Military activity was most intense during the mid-1970s, at the time of the crisis of decolonisation of Western Sahara and its occupation by Morocco. Military crises in Western Africa, like the 2013 Mali intervention by France, made Gando Air Base the main air platform for operations in Western Africa area by NATO. In 2006 Spain proposed Gando Air Base as headquarters for the newly created US Africa Command (AFRICOM), but the AFRICOM HQ was ultimately based in Stuttgart (Germany).

The Canary Islands Air Command (Mando Aéreo de Canarias – MACAN) is based in the city of Las Palmas. Canary Islands Air Command is the only territorial general Air Command Air Force in Spain; its mission is the maintenance, preparation and command of air units located in the Canary archipelago. Any Spanish military airplane that lands in the Canary Islands is immediately put at the disposal of the Canary Islands Air Command, who can retain it and use it as long as necessary for missions within the islands. This happens sometimes with heavy military transport, antisubmarine warfare and early warning airplanes; the islands do not have these on a permanent basis. Once the plane is released by the Canary Islands Air Command, it can leave the Canary Islands and reverts to the Air Force Commands of mainland Spain.

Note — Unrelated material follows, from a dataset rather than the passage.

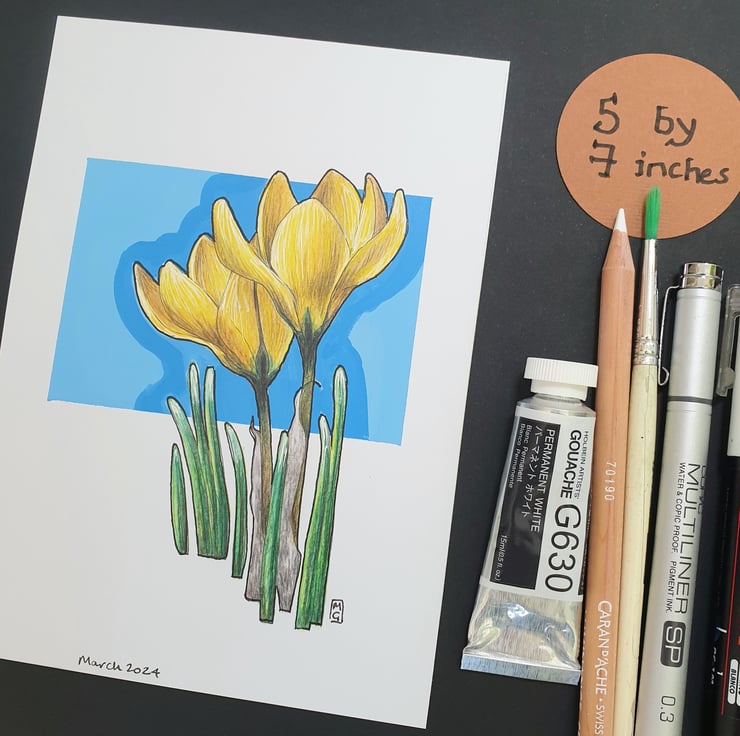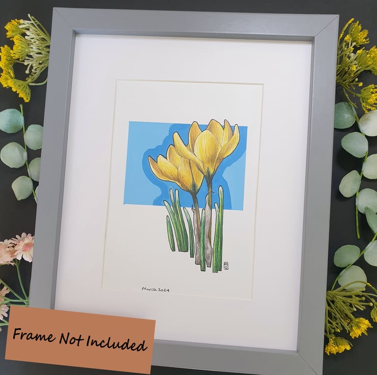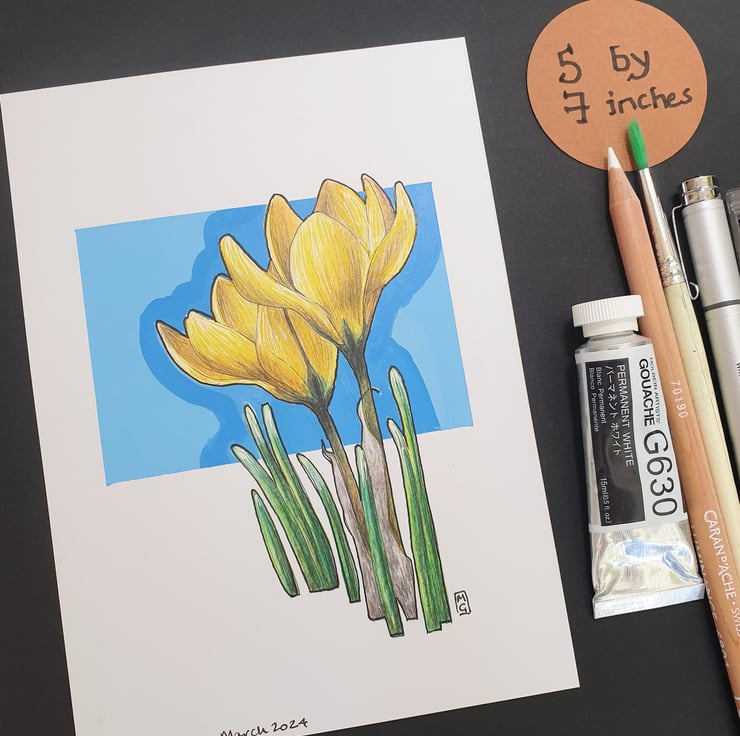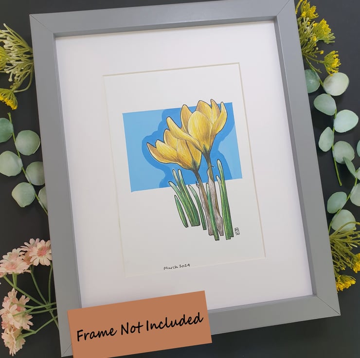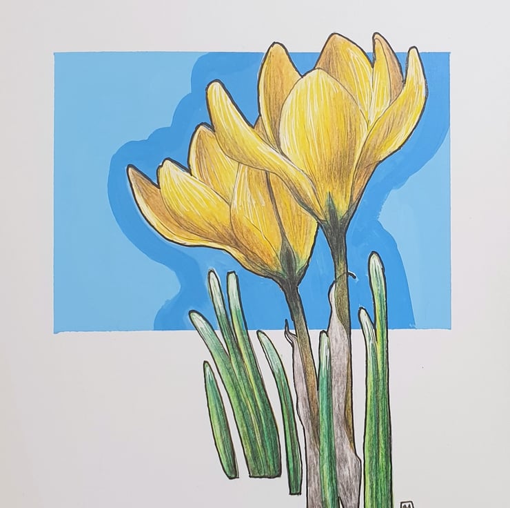 A colour drawing of yellow crocus flowers on white paper with a bright blue background. Crocus are among the very first flowers to bloom each spring. In cold climates they will often open when there's still snow on the ground. The Crocus symbolises cheerfulness, gladness, mirthfulness and youth.

The deployment base of Gando Air Base is the Lanzarote Military Airfield (Aeródromo Militar de Lanzarote). Lanzarote Military Airfield has permanently its own Air Force troops platoons and the radar for the air defence (the EVA 22, which covers the Eastern Canary Islands and the maritime area up to the Sahara), but it has no permanently based military planes, using the ones from Gando.

Other facilities
Canaryfly has its head office in Hangar L. Binter Canarias also has its head office on the airport grounds.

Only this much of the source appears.